- [ACTIVITY]: Copy only those lines which run from the line containing "Annerobic digester, Venezia" to the end of the entries below, both inclusive, exactly as written and with no pictures.

- - -

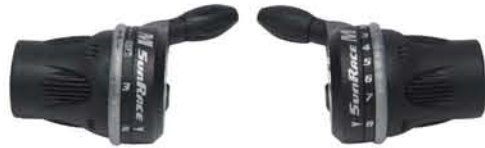
TSM63 R8/R7/L3/LF [Force Adjuster] [Alloy C-Clamp]
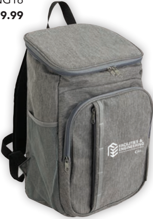
Cooler Backpack, ENG16 $29.99
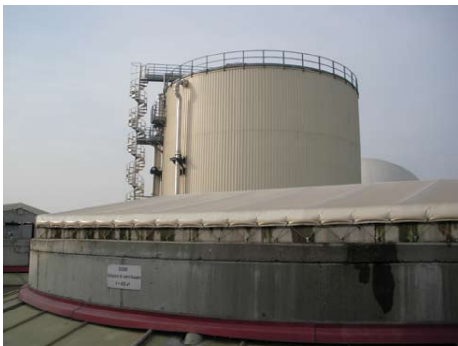
Annerobic digester, Venezia

The last day of the Symposium was a site tour of an anaerobic digestion facility, located about 40 minutes from Venice. This plant produces methane gas from municipal waste and animal manure sourced from the surrounding district. The gas is incinerated and sold into the electricity grid five days per week. Residual biomass is on sold for composting. There is no re-use of CO 2 emissions from the plant.
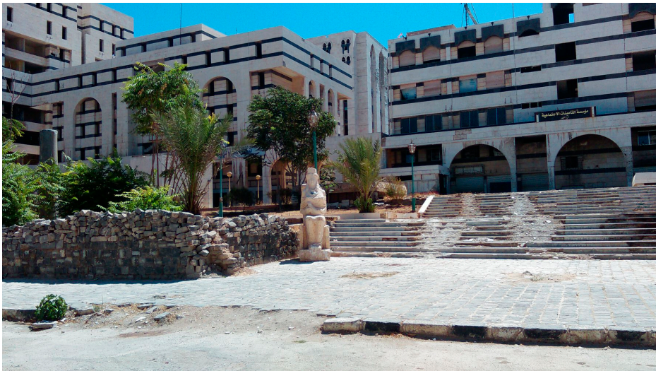
Figure 11.10b The Insurance Building in Souk al-Naourah. Construction of this complex required the demolition of parts of the historic quarter.

- - -

- [OUTPUT OF THE EXERCISE]:
Annerobic digester, Venezia

The last day of the Symposium was a site tour of an anaerobic digestion facility, located about 40 minutes from Venice. This plant produces methane gas from municipal waste and animal manure sourced from the surrounding district. The gas is incinerated and sold into the electricity grid five days per week. Residual biomass is on sold for composting. There is no re-use of CO 2 emissions from the plant.
Figure 11.10b The Insurance Building in Souk al-Naourah. Construction of this complex required the demolition of parts of the historic quarter.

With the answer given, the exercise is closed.